Matching of Users and Creators in Two-Sided Markets with Departures
Daniel Huttenlocher, Hannah Li, Liang Lyu, Asuman Ozdaglar, James Siderius
TL;DR
The paper tackles a sequential, two-sided platform optimization problem where both users and creators can exit if engagement falls short, formalizing a model where long-run engagement is maximized under participation constraints. It shows that a naive, user-centric approach can be arbitrarily bad and that the general two-sided problem is NP-hard to approximate; the Forward-Looking framework links optimal long-run performance to maximum stable sets, enabling an ILP formulation. To bridge theory and practice, the authors introduce two polynomial-time algorithms, Local Clustering and Creator Ranking with Potential Audience Size, that offer constant-factor guarantees under mild density assumptions and robust empirical performance via augmenting-path techniques. The work advances understanding of platform design under two-sided dynamics and provides practical tools for sustaining engagement in real-world two-sided markets. It highlights the importance of accounting for both sides’ incentives and departures in recommendation systems, with potential implications for social networks, streaming platforms, and marketplace ecosystems.
Abstract
Many online platforms of today, including social media sites, are two-sided markets bridging content creators and users. Most of the existing literature on platform recommendation algorithms largely focuses on user preferences and decisions, and does not simultaneously address creator incentives.

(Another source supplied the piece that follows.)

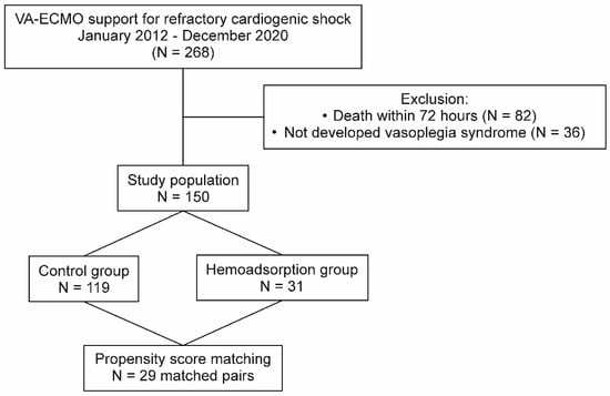 Overall, 268 patients were treated with refractory CS and VA–ECMO support in the investigated period at our institution. After the exclusions, the PSM procedure involving 150 patients resulted in 29 matched pairs (Figure 1). The absolute values of standardized mean differences were found to be less than 0.225 for all adjusted covariates. APACHE II and SOFA scores achieved balance by PSM, which indicated similar risks for early mortality in both groups prior to VA–ECMO implantation. The univariate analyses of the baseline parameters did not reveal relevant differences between the two groups in terms of patient characteristics (Table 1). However, the peripheral VA–ECMO support was less frequent in patients of the hemoadsorption group than the control group. The patient selection process and the clinical characteristics in the unmatched and matched cohorts are summarized in Figure 1 and Table 1, respectively.

We propose a model of content recommendation that explicitly focuses on the dynamics of user-content matching, with the novel property that both users and creators may leave the platform permanently if they do not experience sufficient engagement. In our model, each player decides to participate at each time step based on utilities derived from the current match: users based on alignment of the recommended content with their preferences, and creators based on their audience size. We show that a user-centric greedy algorithm that does not consider creator departures can result in arbitrarily poor total engagement, relative to an algorithm that maximizes total engagement while accounting for two-sided departures. Moreover, in stark contrast to the case where only users or only creators leave the platform, we prove that with two-sided departures, approximating maximum total engagement within any constant factor is NP-hard. We present two practical algorithms, one with performance guarantees under mild assumptions on user preferences, and another that tends to outperform algorithms that ignore two-sided departures in practice.